What This Growth Does Not Change
A rising company count does not automatically translate into rising economic output or job creation at the same rate. Many free zone registrations across the UAE are shell structures, virtual offices, or dormant entities. RAKEZ has not disclosed a breakdown of active versus inactive companies, nor has it published revenue or employment figures tied to its registered base.
Ras Al Khaimah also still lacks the deep capital markets infrastructure, institutional investor presence, and global connectivity of Dubai or Abu Dhabi. For businesses that need proximity to sovereign wealth capital, regulatory bodies, or international financial institutions, a RAKEZ licence alone does not close that gap. The zone’s value proposition remains strongest for cost-sensitive operators and early-stage businesses rather than large-cap enterprises.

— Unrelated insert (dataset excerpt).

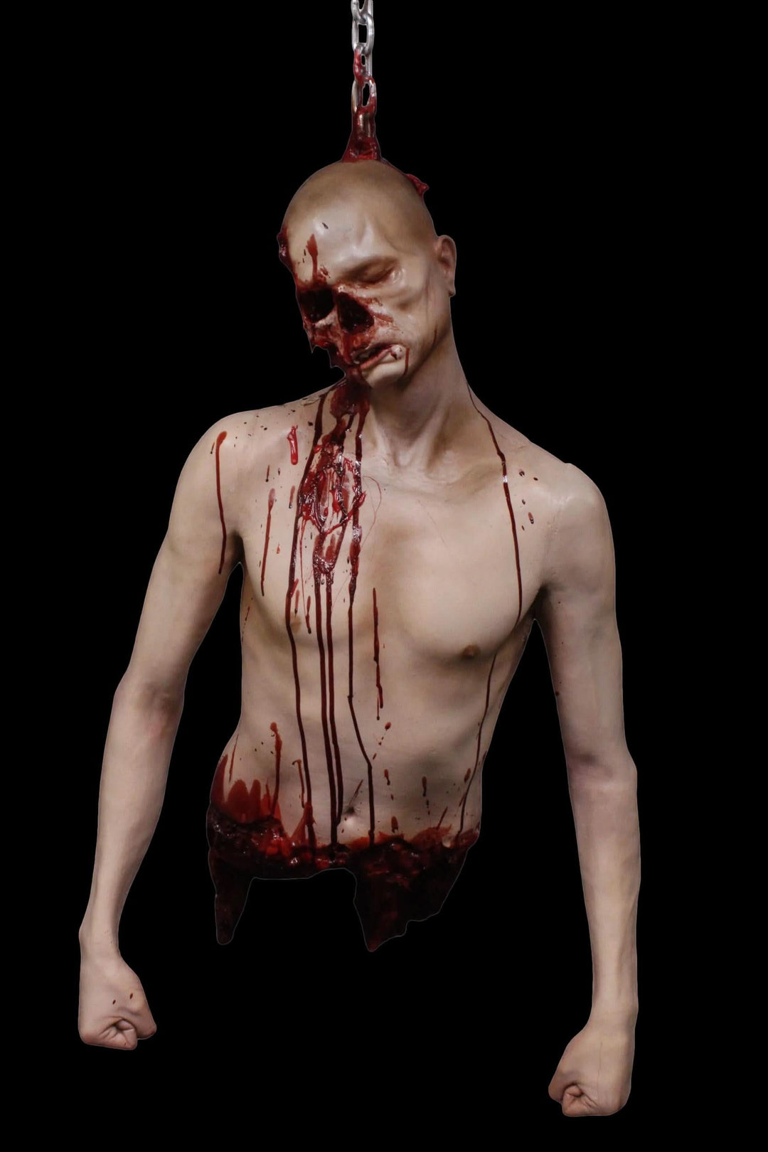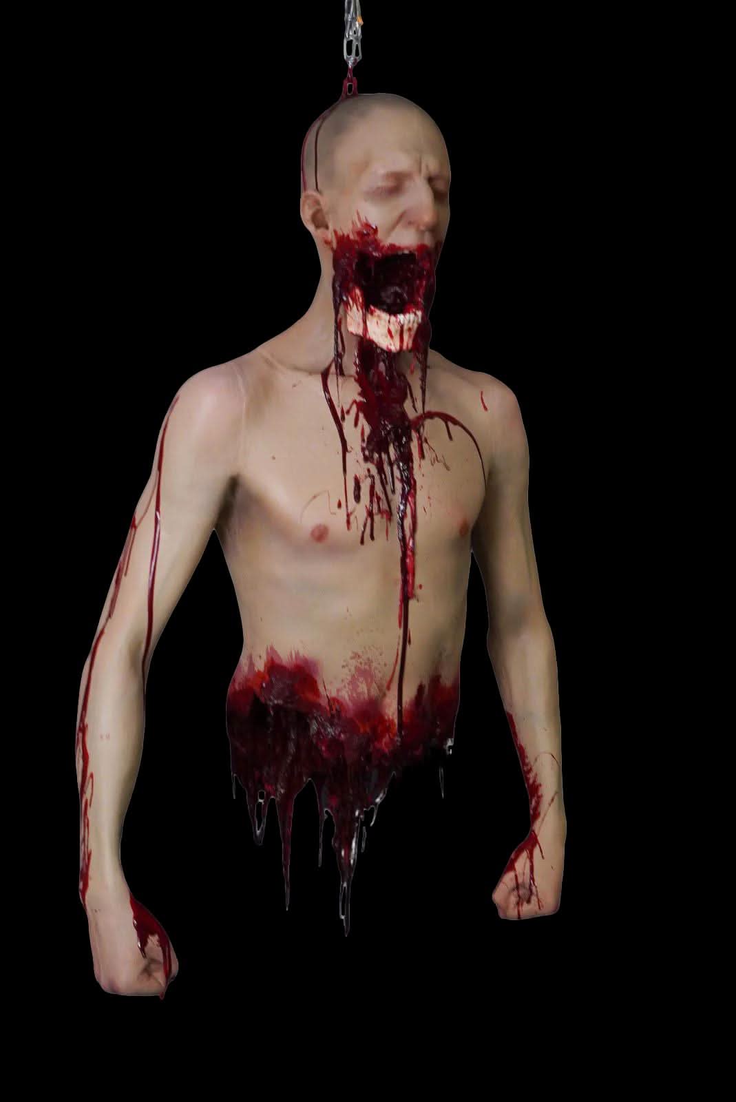 This hanging gutted Martin prop is a life-size, lifelike torso that is perfect for adding a grisly touch to any meat locker or other terrifying setting. With lots of blood and gore, reinforced arms for hanging, and realistic guts spilling from the waist, this prop is sure to frighten and shock your guests.

I think it is important to be honest about these limits, because the headline numbers are impressive but incomplete without that context.

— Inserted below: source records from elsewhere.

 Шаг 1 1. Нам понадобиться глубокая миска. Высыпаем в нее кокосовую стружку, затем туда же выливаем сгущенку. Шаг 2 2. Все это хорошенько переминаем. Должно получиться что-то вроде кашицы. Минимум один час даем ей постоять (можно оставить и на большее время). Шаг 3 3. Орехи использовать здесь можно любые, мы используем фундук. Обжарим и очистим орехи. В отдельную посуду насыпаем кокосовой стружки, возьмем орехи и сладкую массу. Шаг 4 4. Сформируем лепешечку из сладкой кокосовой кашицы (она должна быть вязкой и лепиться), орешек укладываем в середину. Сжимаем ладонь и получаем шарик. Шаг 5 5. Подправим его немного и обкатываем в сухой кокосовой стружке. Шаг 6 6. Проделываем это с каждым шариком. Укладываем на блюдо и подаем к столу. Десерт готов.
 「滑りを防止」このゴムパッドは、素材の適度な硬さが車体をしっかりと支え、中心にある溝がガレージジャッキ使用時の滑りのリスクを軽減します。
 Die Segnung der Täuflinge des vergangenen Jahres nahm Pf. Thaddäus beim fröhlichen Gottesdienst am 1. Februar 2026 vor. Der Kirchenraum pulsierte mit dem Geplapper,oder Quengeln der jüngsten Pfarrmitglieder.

The most immediate beneficiaries of RAKEZ’s expansion are entrepreneurs and SMEs seeking affordable UAE market access — particularly those from South Asia, East Africa, and the wider MENA region. For existing Ras Al Khaimah residents and businesses, the growth creates a denser commercial ecosystem, which tends to improve local supply chains and service availability over time. The timeline for broader economic impact depends on how many of these 40,000 entities translate into active operations with real headcount and revenue.

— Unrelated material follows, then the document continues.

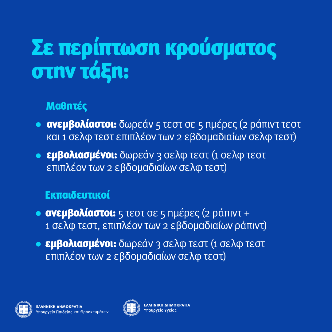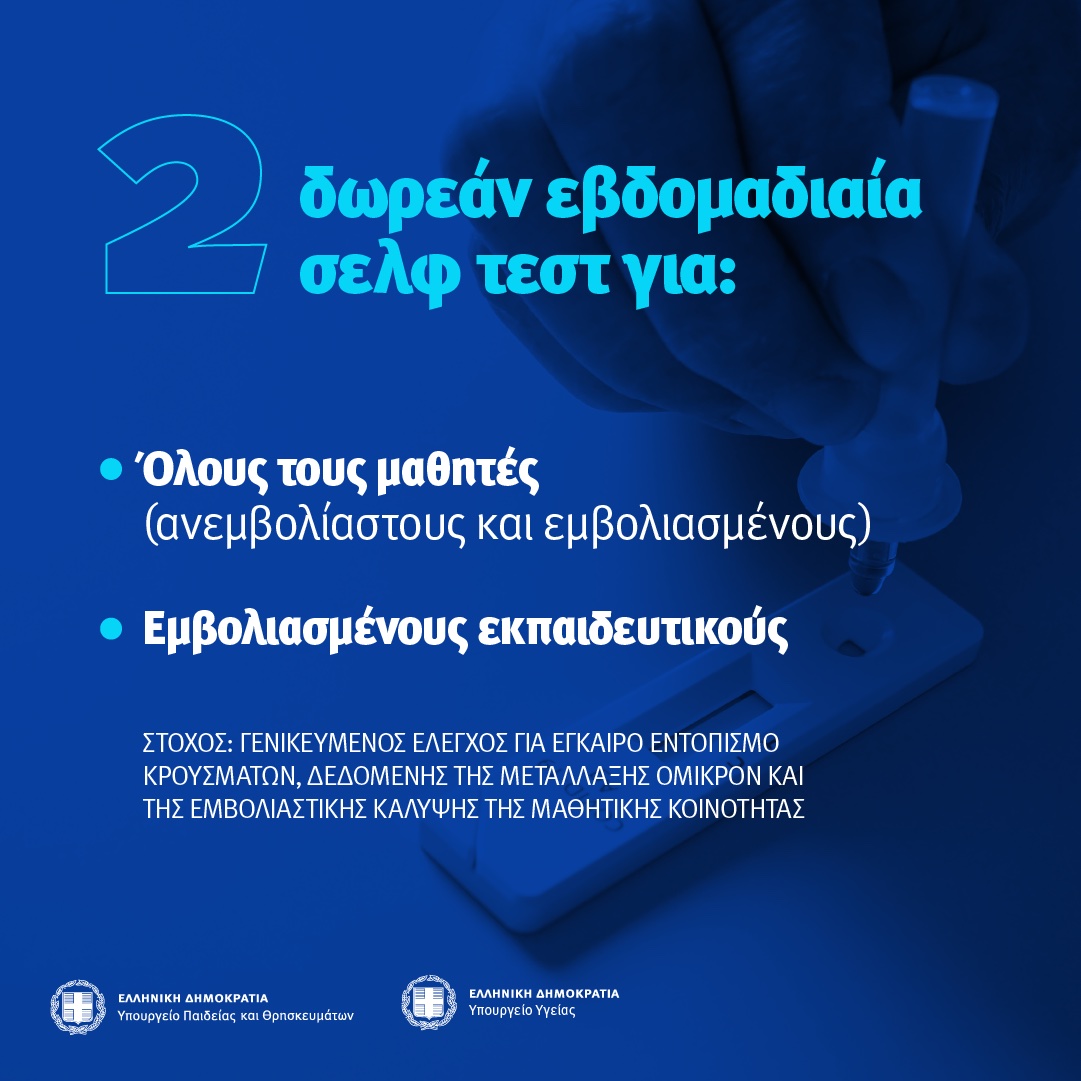 3 self test την πρώτη εβδομάδα στο σχολείο για όλους τους μαθητές

Ras Al Khaimah’s Quiet Bid to Reshape UAE Business Geography
What makes the RAKEZ story worth watching is not the zone itself but what it signals about the UAE’s evolving economic geography. For years, business formation in the country was heavily concentrated in Dubai and, to a lesser extent, Abu Dhabi. Ras Al Khaimah’s emergence as a serious alternative — driven by RAKEZ, the Wynn resort development, and broader infrastructure investment — suggests that the UAE’s next phase of growth may be more distributed than the last.
If RAKEZ can convert registration volume into active economic participation, it will strengthen the case that the UAE’s northern emirates are not just overflow markets but destinations in their own right. That shift would have implications for commercial real estate, labour markets, and inter-emirate competition for years to come.
For anyone evaluating a UAE base for business, the RAKEZ numbers deserve a serious look — not because 40,000 companies is a magic number, but because the growth rate suggests the value proposition is resonating with exactly the kind of cost-conscious, operationally focused businesses that tend to stick around.